Locks get changed and you need new keys, this time because a guy with a thing for standing naked in the common areas of people's buildings (a passion for which he'd previously spent a brief time in jail), ended up with a copy of the front door key to Veronica's building. Veronica wasn't home when it happened because she was working on an overnight shoot on a sci-fi remake of "A Christmas Carol" set in the fourth millennium.
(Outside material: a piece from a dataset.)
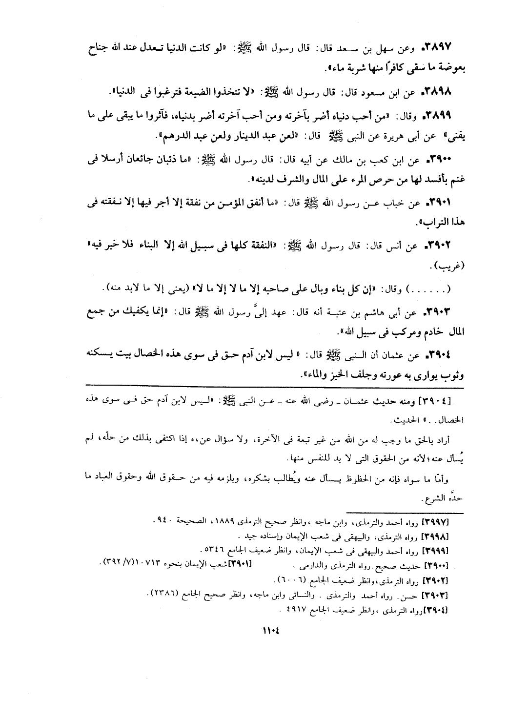 [3904] ومنه حديث عثمان- رضي الله عنه- عن النبي - صلى الله عليه وسلم -: (ليس لابن آدم حق في سوى هذه الخصال ..) الحديث.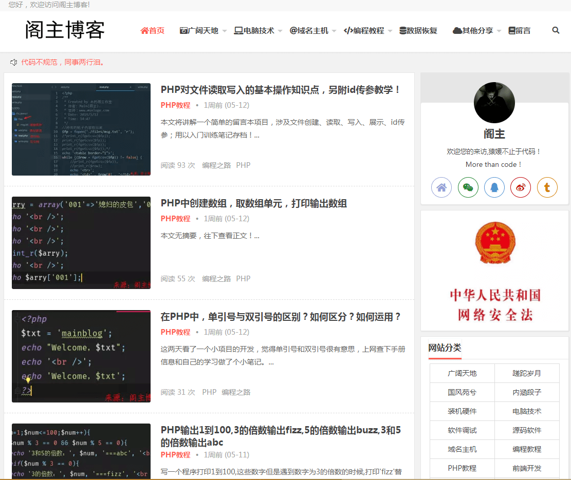 关键词:阁主, 阁主个人博客, 不止于代码, 技术博客, 阁主动态, 装机硬件, 源码软件, 域名主机, 编程教程, 影音观评, 游戏资讯, 大数据开发,PHP 开发教程, 数据恢复, 电商运营,Python 开发, 程序安装解决,Web 前端, 阁主博客

She played one of two hundred helmeted townspeople in a too-tight silver pantsuit and too-big platform boots.

It was Gina, the full-time grocery store clerk, part-time personal chef, and part-time vegan food blogger who lives in the basement studio who found him standing in the hallway outside her apartment. She called the police and watched him from the keyhole. She said he just stood there until the police came and took him away. At one point, she said he started singing. ("The sad part is he actually had a good voice—like I want to say it was Julliard-level...").

Gavril, the building super, knows that Veronica works for Hollywood and keeps odd hours, and while he's too busy, tired, and homesick for his wife and son in Macedonia for this to be any point of fascination, he appreciates the snacks she brings back from the sets and shares with him on a fairly regular basis. He thus makes her the first tenant to receive the new front door key, which, after she texts him to tell him she's home, he delivers to her door. On his way out, arms loaded up with a paper towel-wrapped bagel, a can of orange soda, a can of grape soda, two granola bars, and a pre-packaged peanut butter and jelly sandwich, Gavril advises Veronica to go and make a spare.